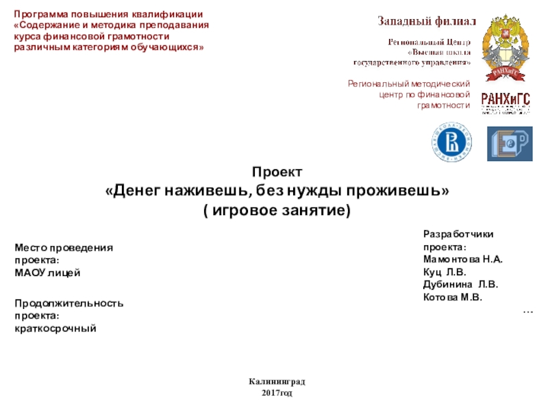 Программа повышения квалификации «Содержание и методика преподавания курса финансовой грамотности различным категориям обучающихся»
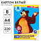 Картон белый мелованный односторонний А4, 8 листов 230г/м² в папке
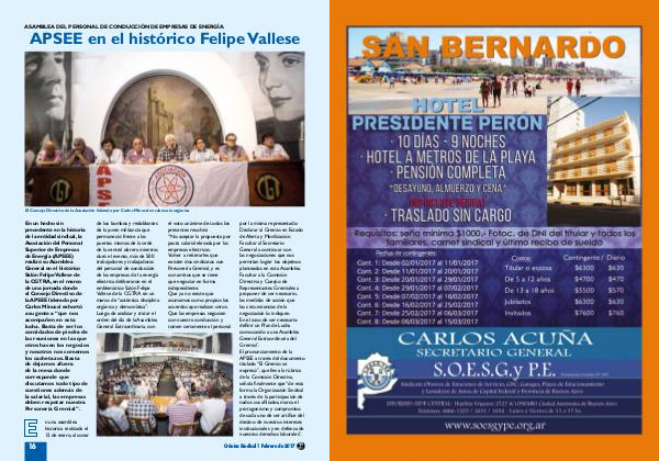 16 n una asamblea histórica realizada el 12 de enero, al sonar de los bombos y redoblantes de la joven militancia que permaneció frente a las puertas mismas de la sede de la central obrera mientras duró el evento, más de 500 trabajadores y trabajadoras del personal de conducción de las empresas de la energía eléctrica deliberaron en el emblemático Salón Felipe Vallese de la CGTRA en un marco de“ auténtica disciplina orgánica y democrática”. Luego de analizar y tratar el orden del día de la Asamblea General Extraordinaria, con el voto unánime de todos los presentes resolvió:“ No aceptar la propuesta por pauta salarial elevada por las empresas eléctricas. Volver a reiterarles que existen dos sindicatos con Personería Gremial, y es con ambos que se tiene que negociar en forma independiente. Que ya no existe que asumamos como propios los acuerdos que realizan otros. Que las empresas negocien con nuestra conducción y tomen seriamente al personal por la misma representado. Declarar al Gremio en Estado de Alerta y Movilización. Facultar al Secretario General a continuar con las negociaciones que nos permitan lograr los objetivos planteados en esta Asamblea. Facultar a la Comisión Directiva y Cuerpo de Representantes Gremiales a proponer de ser necesario, las medidas de acción que las circunstancias de la negociación lo indiquen. En el caso de ser necesario definir un Plan de Lucha convocando a una Asamblea General Extraordinaria del Gremio”. El pronunciamiento de la APSEE a través del documento titulado“ El Gremio se expresó”, que lleva la rúbrica de la Comisión Directiva, señala finalmente que“ de esta forma la Organización Sindical a través de la participación de todos sus afiliados, marca el protagonismo y compromiso de cada uno de ser artífice del destino de nuestros intereses institucionales y en defensa de nuestros derechos laborales”.

==*==

Your assignment:
The answer should contain only the lines from the beginning of the material above through the line with "Картон белый мелованный", retyped exactly, with the pictures removed.

Worked solution:
 Программа повышения квалификации «Содержание и методика преподавания курса финансовой грамотности различным категориям обучающихся»
 Картон белый мелованный односторонний А4, 8 листов 230г/м² в папке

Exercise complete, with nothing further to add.